EXERCISE AIM: Given the entries below, would you transcribe exactly the lines starting at the one with "En el escudo" and ending at the one with "旧姓「単記」法制化を検討 第6次男女参画計画決定 2026年3月14日", both kept, pictures omitted, nothing extra?
[RECORDS FOR PROCESSING Boundary: Start]
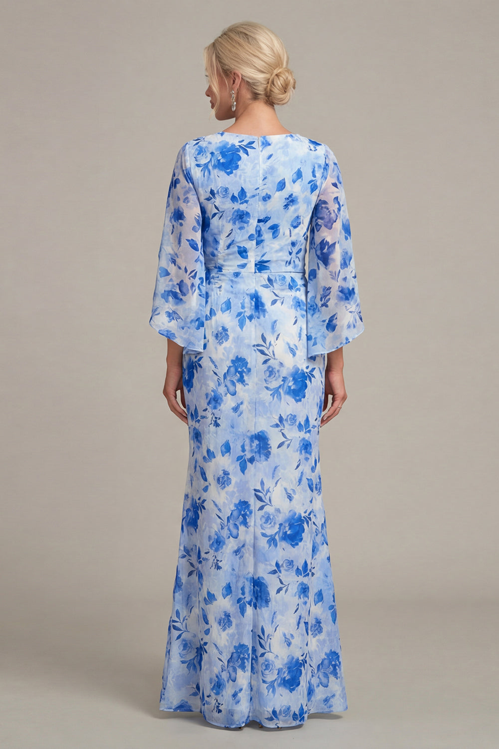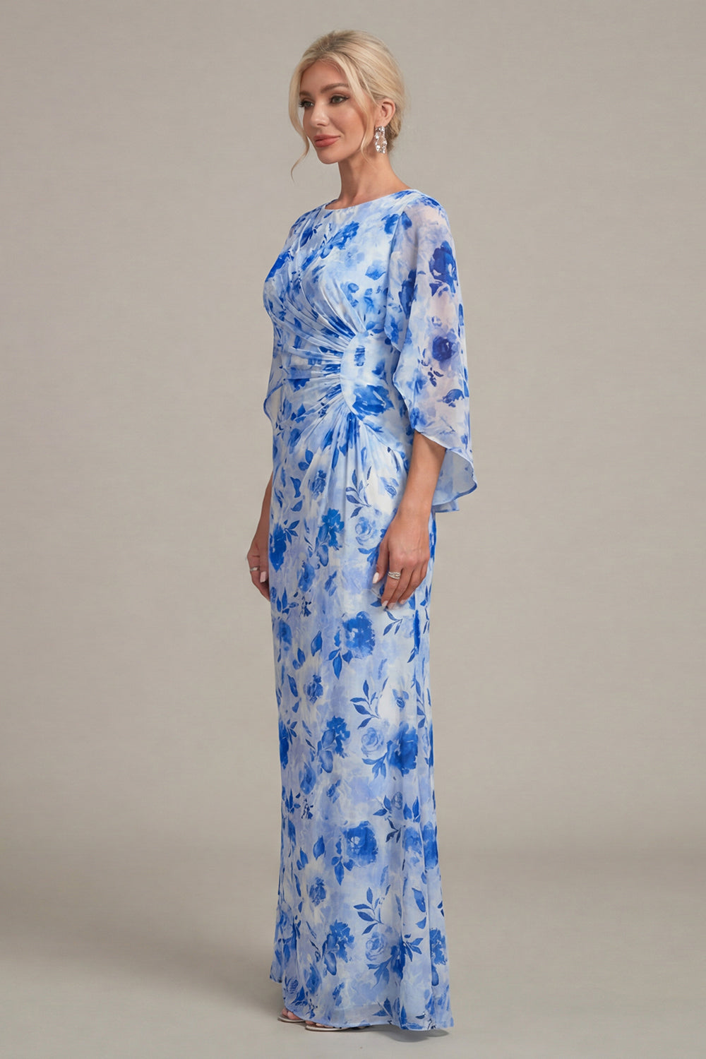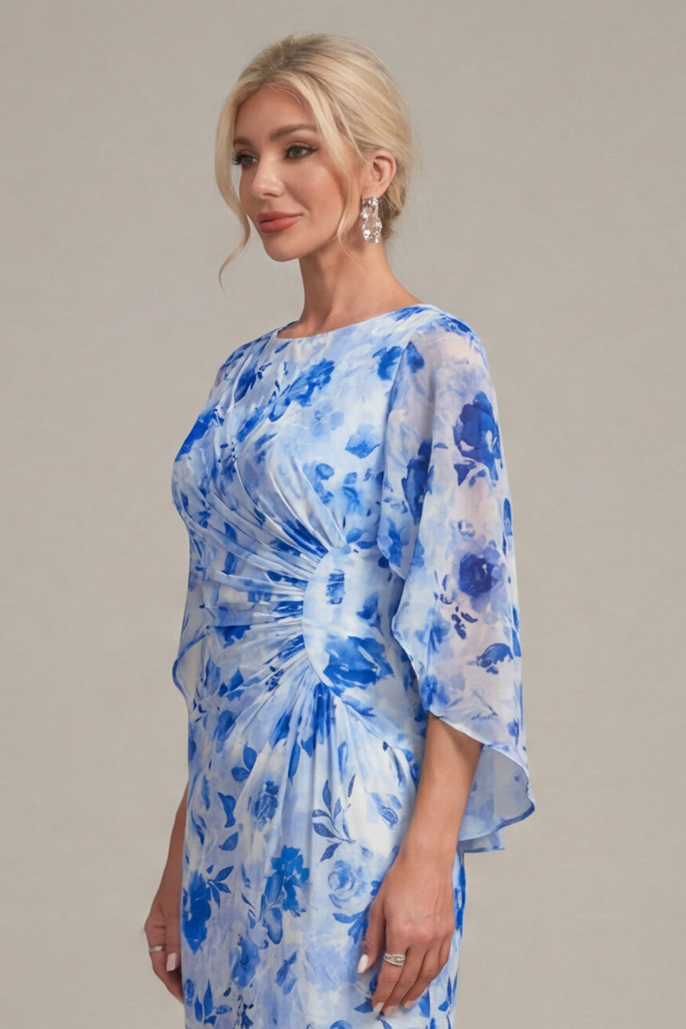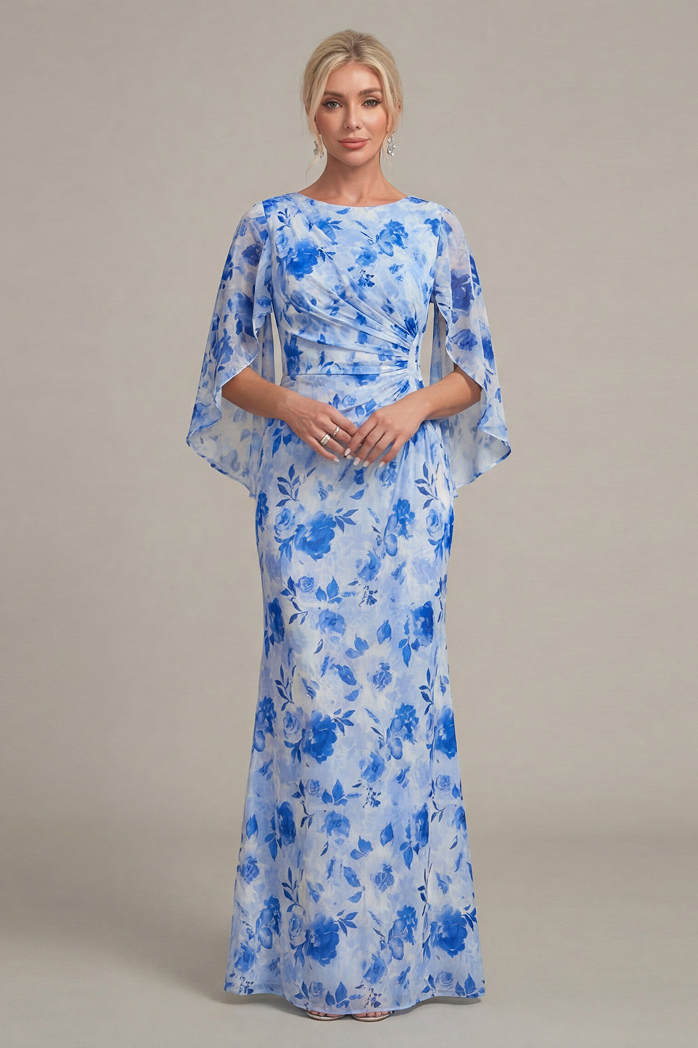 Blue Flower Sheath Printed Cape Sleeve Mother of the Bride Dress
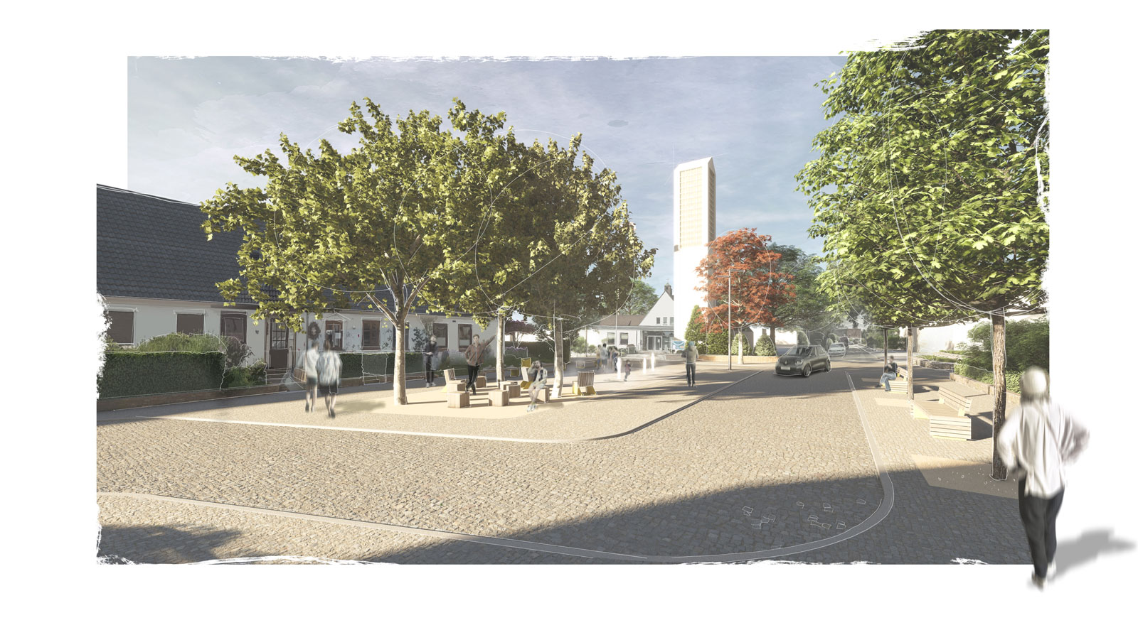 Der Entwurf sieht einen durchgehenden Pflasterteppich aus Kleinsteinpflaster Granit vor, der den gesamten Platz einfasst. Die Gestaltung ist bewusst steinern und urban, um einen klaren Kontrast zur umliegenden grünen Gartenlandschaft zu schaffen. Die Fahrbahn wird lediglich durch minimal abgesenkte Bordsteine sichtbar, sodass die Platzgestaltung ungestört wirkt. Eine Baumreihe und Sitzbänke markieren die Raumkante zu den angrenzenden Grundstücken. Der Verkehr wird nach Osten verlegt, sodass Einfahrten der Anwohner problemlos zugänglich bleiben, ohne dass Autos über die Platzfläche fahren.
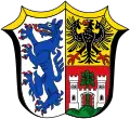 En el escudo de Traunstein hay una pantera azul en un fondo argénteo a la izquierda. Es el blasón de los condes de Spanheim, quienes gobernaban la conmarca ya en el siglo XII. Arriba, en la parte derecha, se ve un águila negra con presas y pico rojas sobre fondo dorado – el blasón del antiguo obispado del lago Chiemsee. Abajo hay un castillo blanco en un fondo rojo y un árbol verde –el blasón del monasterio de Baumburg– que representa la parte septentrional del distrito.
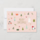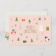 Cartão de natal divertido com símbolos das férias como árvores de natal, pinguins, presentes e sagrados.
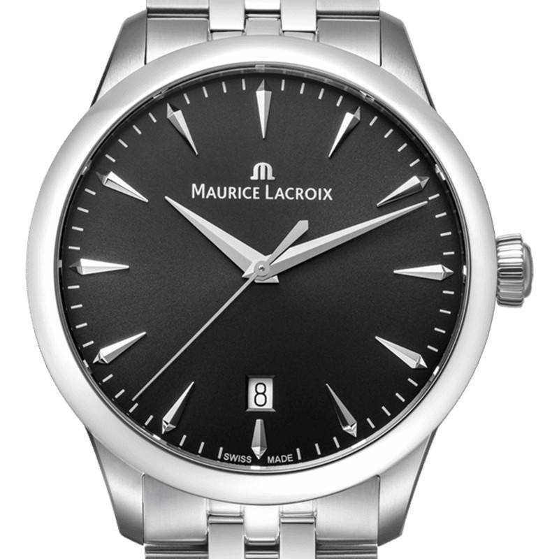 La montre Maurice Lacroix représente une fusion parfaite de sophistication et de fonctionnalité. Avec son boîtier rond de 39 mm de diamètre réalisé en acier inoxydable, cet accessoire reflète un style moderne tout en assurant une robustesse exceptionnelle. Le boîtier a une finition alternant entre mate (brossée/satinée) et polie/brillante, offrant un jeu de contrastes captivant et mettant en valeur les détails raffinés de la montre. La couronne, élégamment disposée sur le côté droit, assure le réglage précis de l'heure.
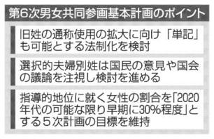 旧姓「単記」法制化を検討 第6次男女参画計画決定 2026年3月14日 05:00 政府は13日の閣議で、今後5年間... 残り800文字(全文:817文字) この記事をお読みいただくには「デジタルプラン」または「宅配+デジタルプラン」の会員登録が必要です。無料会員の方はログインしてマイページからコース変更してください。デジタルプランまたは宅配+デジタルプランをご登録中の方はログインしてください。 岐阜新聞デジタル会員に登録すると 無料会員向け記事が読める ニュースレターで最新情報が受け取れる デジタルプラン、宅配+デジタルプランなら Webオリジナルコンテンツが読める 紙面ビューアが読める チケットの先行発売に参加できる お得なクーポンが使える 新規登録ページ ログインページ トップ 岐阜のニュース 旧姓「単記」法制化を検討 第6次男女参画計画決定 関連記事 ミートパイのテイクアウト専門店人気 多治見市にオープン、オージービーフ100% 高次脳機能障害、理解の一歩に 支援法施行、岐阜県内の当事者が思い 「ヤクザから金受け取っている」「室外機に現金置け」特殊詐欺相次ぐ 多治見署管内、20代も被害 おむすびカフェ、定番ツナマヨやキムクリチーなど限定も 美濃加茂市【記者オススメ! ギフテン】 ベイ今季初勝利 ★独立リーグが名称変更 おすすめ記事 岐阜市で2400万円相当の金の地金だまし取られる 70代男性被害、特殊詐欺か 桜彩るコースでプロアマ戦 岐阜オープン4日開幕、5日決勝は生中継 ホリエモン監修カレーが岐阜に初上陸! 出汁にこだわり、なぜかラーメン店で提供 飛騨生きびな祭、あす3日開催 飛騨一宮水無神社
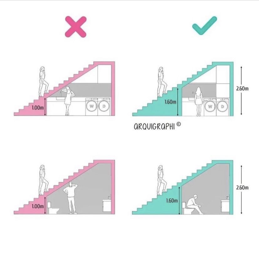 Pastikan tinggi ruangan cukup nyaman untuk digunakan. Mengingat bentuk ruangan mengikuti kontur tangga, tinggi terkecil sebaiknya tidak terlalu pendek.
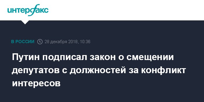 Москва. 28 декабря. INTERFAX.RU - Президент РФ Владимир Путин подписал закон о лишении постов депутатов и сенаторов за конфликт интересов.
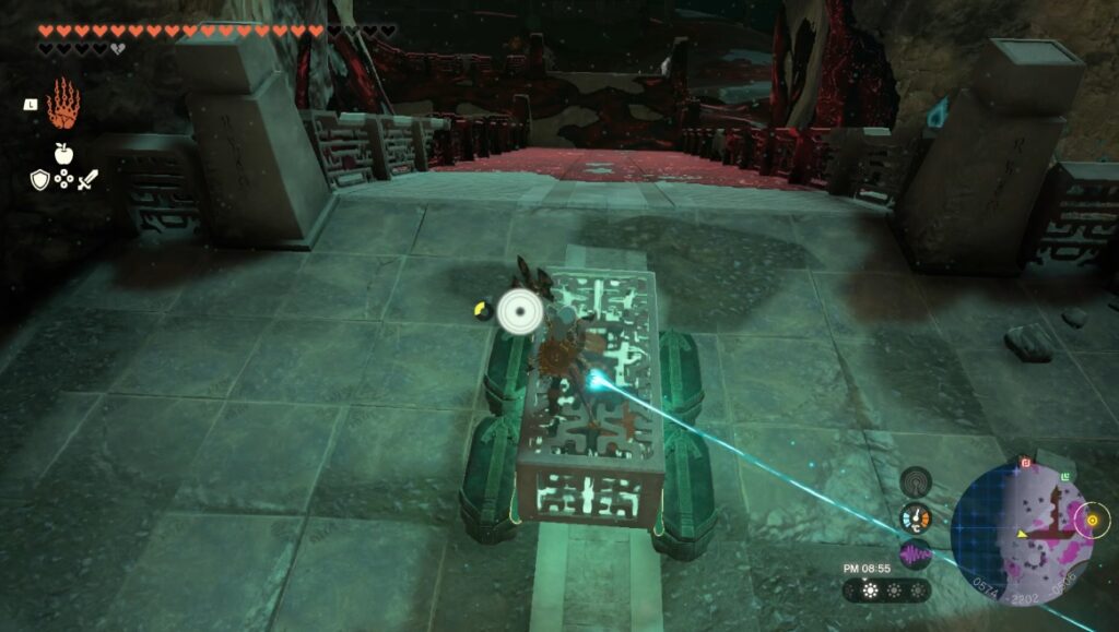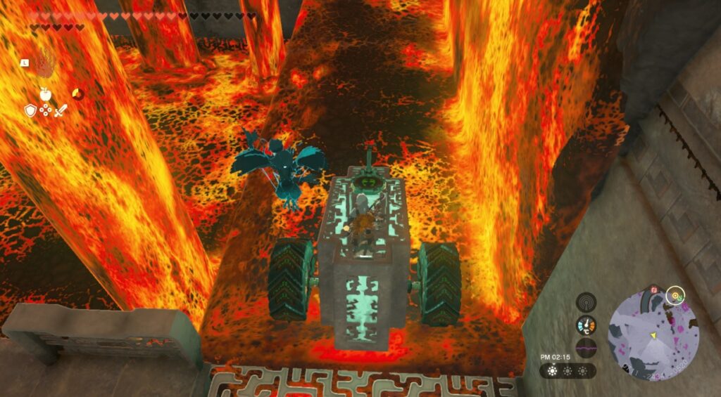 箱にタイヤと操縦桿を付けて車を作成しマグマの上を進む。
[RECORDS FOR PROCESSING Boundary: End]
EXERCISE ANSWER:
 En el escudo de Traunstein hay una pantera azul en un fondo argénteo a la izquierda. Es el blasón de los condes de Spanheim, quienes gobernaban la conmarca ya en el siglo XII. Arriba, en la parte derecha, se ve un águila negra con presas y pico rojas sobre fondo dorado – el blasón del antiguo obispado del lago Chiemsee. Abajo hay un castillo blanco en un fondo rojo y un árbol verde –el blasón del monasterio de Baumburg– que representa la parte septentrional del distrito.
 Cartão de natal divertido com símbolos das férias como árvores de natal, pinguins, presentes e sagrados.
 La montre Maurice Lacroix représente une fusion parfaite de sophistication et de fonctionnalité. Avec son boîtier rond de 39 mm de diamètre réalisé en acier inoxydable, cet accessoire reflète un style moderne tout en assurant une robustesse exceptionnelle. Le boîtier a une finition alternant entre mate (brossée/satinée) et polie/brillante, offrant un jeu de contrastes captivant et mettant en valeur les détails raffinés de la montre. La couronne, élégamment disposée sur le côté droit, assure le réglage précis de l'heure.
 旧姓「単記」法制化を検討 第6次男女参画計画決定 2026年3月14日 05:00 政府は13日の閣議で、今後5年間... 残り800文字(全文:817文字) この記事をお読みいただくには「デジタルプラン」または「宅配+デジタルプラン」の会員登録が必要です。無料会員の方はログインしてマイページからコース変更してください。デジタルプランまたは宅配+デジタルプランをご登録中の方はログインしてください。 岐阜新聞デジタル会員に登録すると 無料会員向け記事が読める ニュースレターで最新情報が受け取れる デジタルプラン、宅配+デジタルプランなら Webオリジナルコンテンツが読める 紙面ビューアが読める チケットの先行発売に参加できる お得なクーポンが使える 新規登録ページ ログインページ トップ 岐阜のニュース 旧姓「単記」法制化を検討 第6次男女参画計画決定 関連記事 ミートパイのテイクアウト専門店人気 多治見市にオープン、オージービーフ100% 高次脳機能障害、理解の一歩に 支援法施行、岐阜県内の当事者が思い 「ヤクザから金受け取っている」「室外機に現金置け」特殊詐欺相次ぐ 多治見署管内、20代も被害 おむすびカフェ、定番ツナマヨやキムクリチーなど限定も 美濃加茂市【記者オススメ! ギフテン】 ベイ今季初勝利 ★独立リーグが名称変更 おすすめ記事 岐阜市で2400万円相当の金の地金だまし取られる 70代男性被害、特殊詐欺か 桜彩るコースでプロアマ戦 岐阜オープン4日開幕、5日決勝は生中継 ホリエモン監修カレーが岐阜に初上陸! 出汁にこだわり、なぜかラーメン店で提供 飛騨生きびな祭、あす3日開催 飛騨一宮水無神社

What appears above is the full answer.